Saved entries:
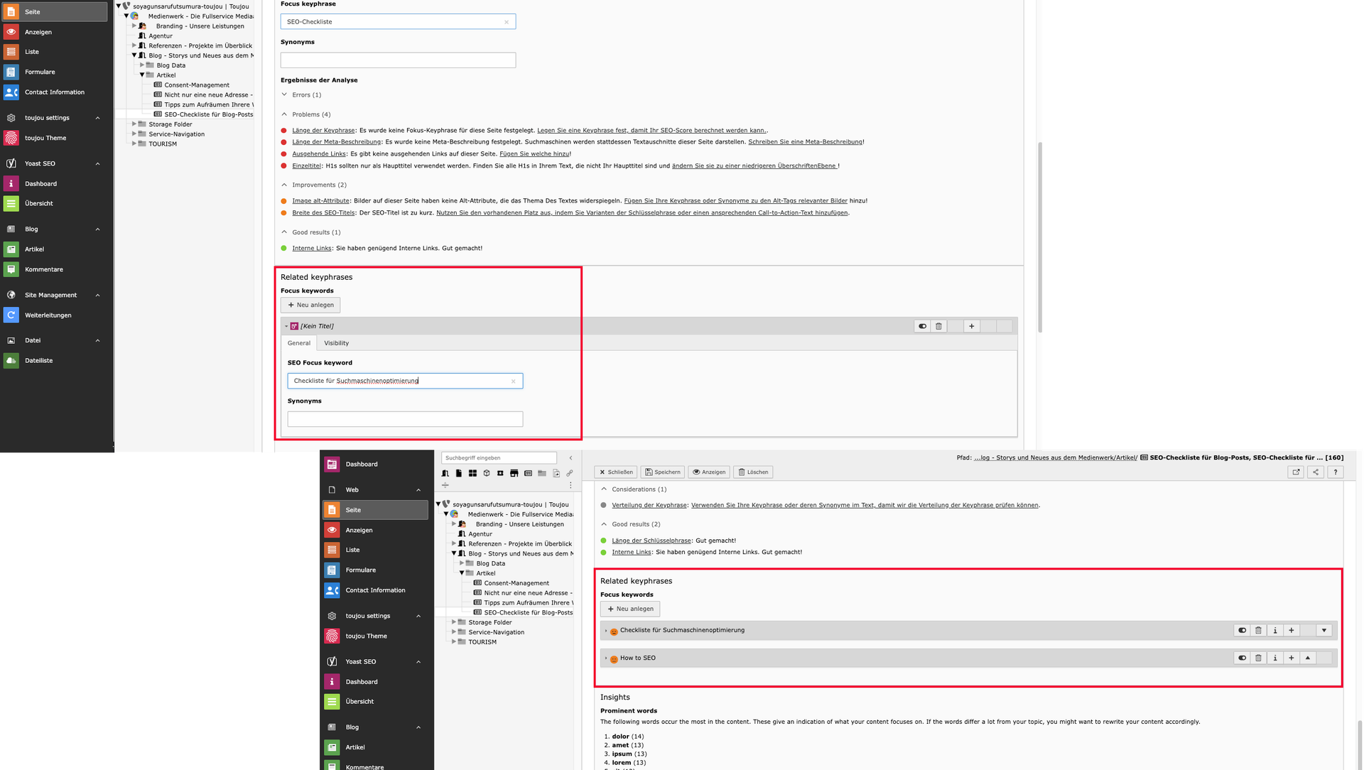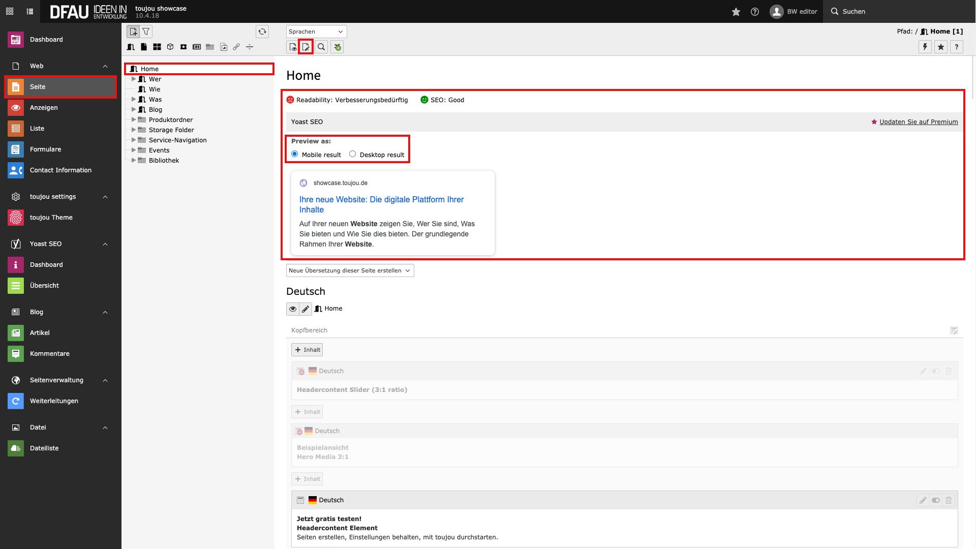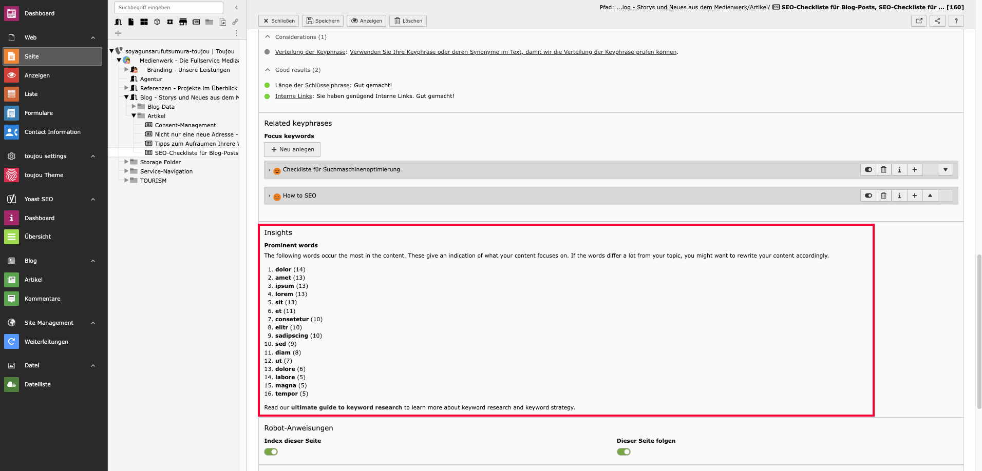 ACHTUNG: Für toujou-Kunden stellt sich das Backend aufgrund der Yoast-SEO-Extension grundlegend anders dar, die gezeigten Funktionen werden zum Teil an anderer Stelle bearbeitet.
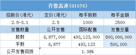智通财经APP获悉,7月18日,齐鲁高速(01576)配售结束。本次配售招股价区间为2.5-3.1港元,最终定价2.5港元,每手2500港元。
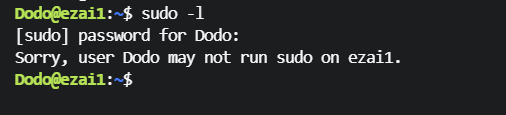 Sorry, user Dodo may not run sudo on ezai1.
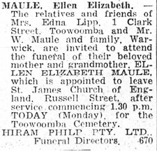 Ellen Elizabeth MAULE (nee GRANT/TALBOT) died 9 Aug 1969 aged 86, buried at Toowoomba Drayton Cemetery, Section Pres 1, Block R3 Allotment 18. Buried with her is her daughter Edna Elizabeth LIPP who died 27 Aug 1995 aged 82.
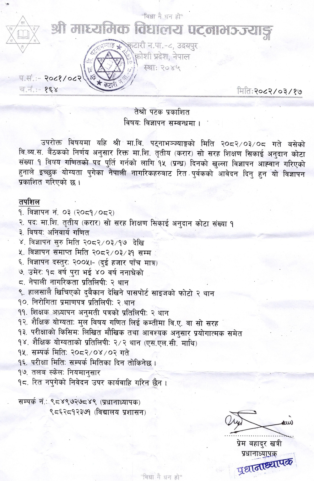 Math Teacher Full Time Udayapur Posted 5 months ago Applications have closed Shree Madhyamik Vidyalaya JOB OPPORTUNITY Tagged as: Udayapur
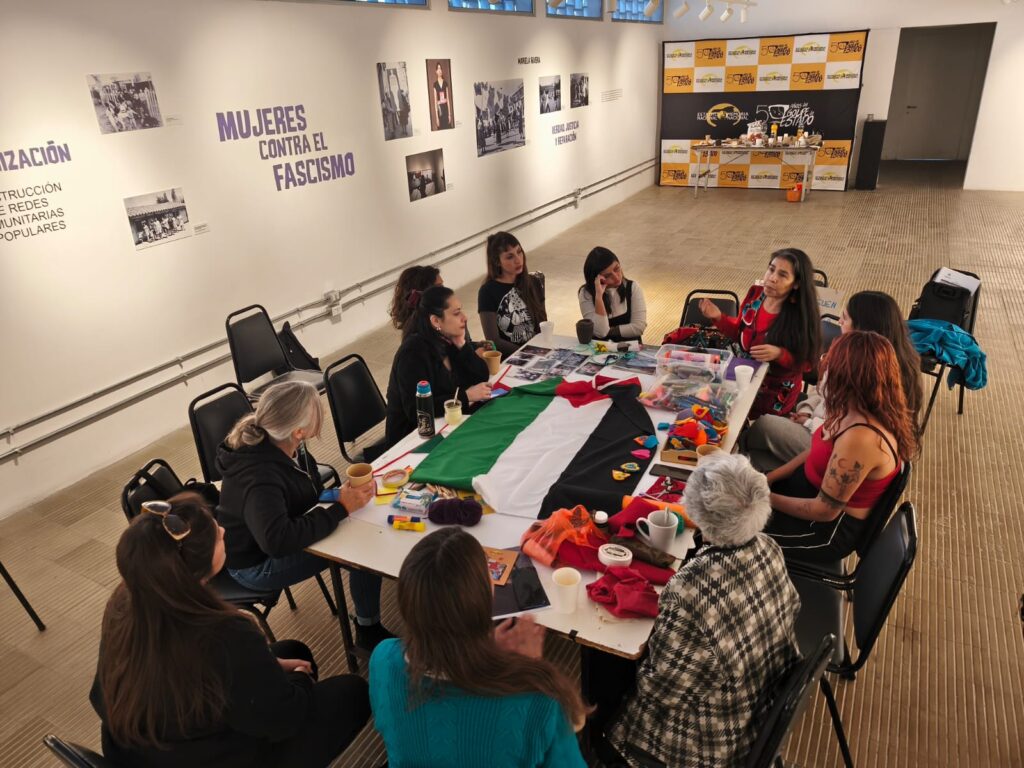 La jornada convocó a personas de distintas generaciones a compartir fotografías personales, contar historias familiares y participar en un bordado colectivo de corazones en solidaridad con las niñeces de Gaza, como gesto de memoria activa y empatía con otros pueblos.
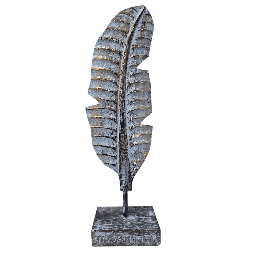 Decorative blue Wash Wooden Banana Leaf On Stand
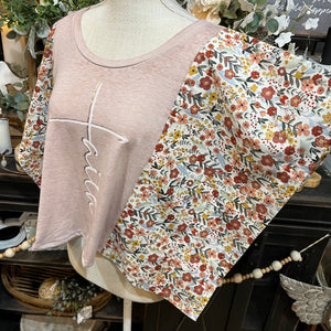 Wrap yourself in inspiration with this handmade top crafted from a reclaimed “Faith” graphic T-shirt and cozy floral fabric. The soft blush pink front features a bold vertical “faith” design, while the roomy, boho-chic sleeves showcase a rich, autumn-toned floral print for a perfect mix of comfort and charm. This one-of-a-kind piece is ideal for layering through the seasons and makes a heartfelt statement wherever you go.
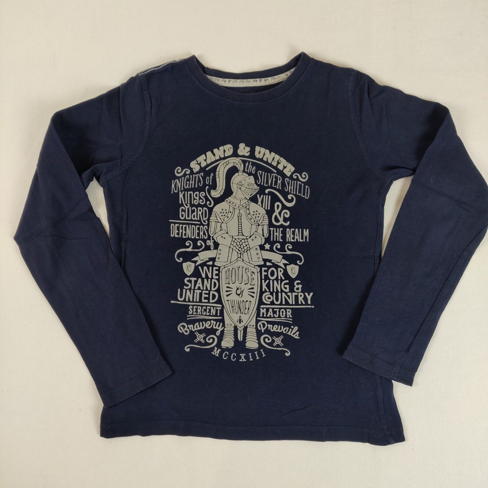 Autres commentaires : T-shirt à manches longues – bleu marine avec motif central gris chevalier en armure accompagné de diverses inscriptions.
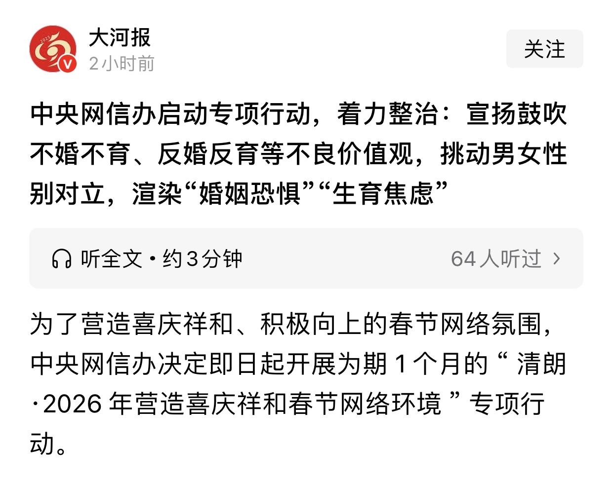 国家终于要出手整治挑动男女对立、反婚反育这种价值观的内容,但炒作“原生家庭”话题,刻意带偏孩子和父母之间关系,把“断亲”当作自我解放的这类内容,对中国传统文化的杀伤力丝毫不弱,这些内容本身没有深度但对于涉世不深的青少年很容易产生负面影响,中国人讲究的是家国情怀,这种思维引导相当于是在破坏根基。
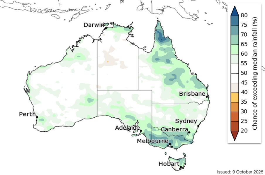 At the same time, the seasonal rainfall outlook suggests that grass availability will not be a limiting factor for many producers this spring. The Bureau of Meteorology’s November to January map points to a 60 to 80 per cent chance of above-median rainfall across much of the eastern seaboard, extending into southern Queensland and northern New South Wales. These conditions favour strong pasture growth, improved weight gains, and lower reliance on supplementary feed which are all factors that enhance trading margins. In previous dry seasons, feed costs or limited paddock capacity often forced earlier turn-off or lower target weights, eroding potential profit. This year, the rainfall probability and pasture outlook provide a handy alignment of feeding potential and market opportunity.
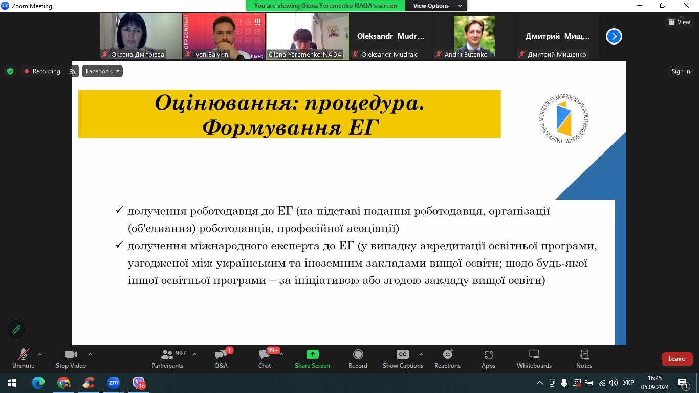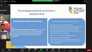 Протягом 1,5 год. присутні мали можливість ознайомитися з новаціями акредитації, про які розповів Голова Національного агентства Андрій Бутенко, із змінами у процедурі здійснення акредитації освітніх програм за Положенням 2024 року (заступник Голови Національного агентства, Олена Єременко), із процедурою здійснення постакредитаційного моніторингу (заступник Голови Національного агентства Іван Назаров). Учасники заходу мали можливість заздалегідь та під час зустрічі задати питання та отримати на них вичерпні відповіді.
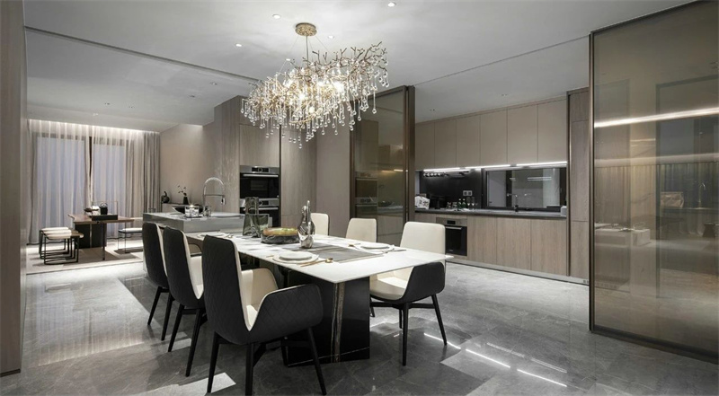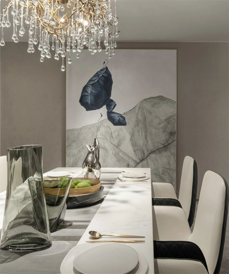 意式輕奢餐廳強(qiáng)調(diào)用餐空間的舒適和尊貴感。開放式的設(shè)計(jì)讓光線在餐廳與客廳間自由流動(dòng),整個(gè)空間視野明亮而通透,完美呈現(xiàn)了意式輕奢的優(yōu)雅格調(diào)與舒適居家體驗(yàn)。
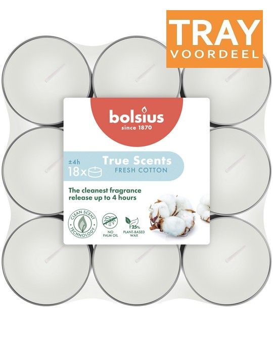 BOLSIUS TRUE SCENTS FRESH COTTON THEELICHTEN 8 X 18 STUKS
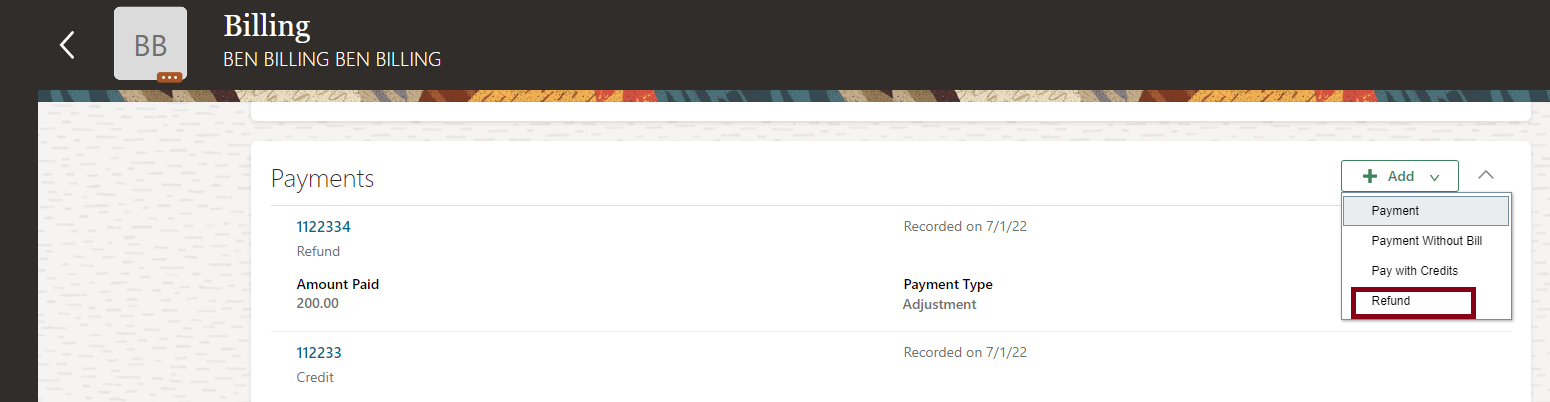 - In the Payments section, select Add, and click Refund.
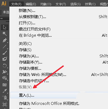 2、点击文件-置入,不要选择打开,如图。
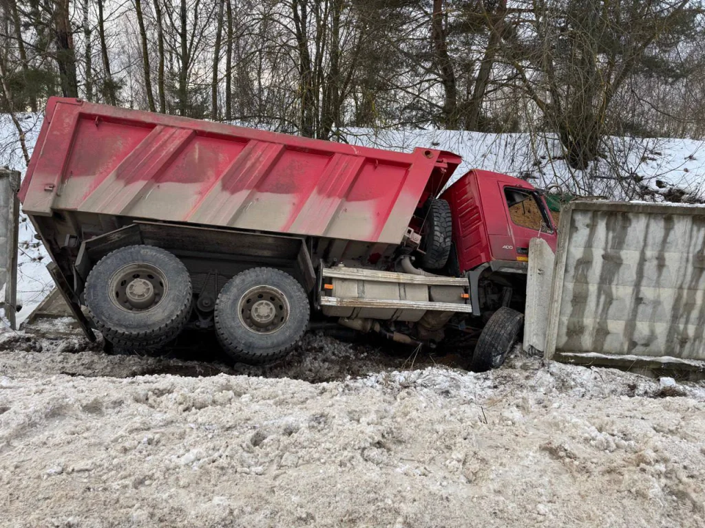 «Приору» смяло и выбросило в кювет. Самосвал также снес пролет бетонного забора.

__PROBLEM TO WORK ON__:
Please retype exactly the lines from the one containing "- In the Payments" through the last line of the records, both included, leaving out every picture.

__SOLUTION TO THE PROBLEM__:
 - In the Payments section, select Add, and click Refund.
 2、点击文件-置入,不要选择打开,如图。
 «Приору» смяло и выбросило в кювет. Самосвал также снес пролет бетонного забора.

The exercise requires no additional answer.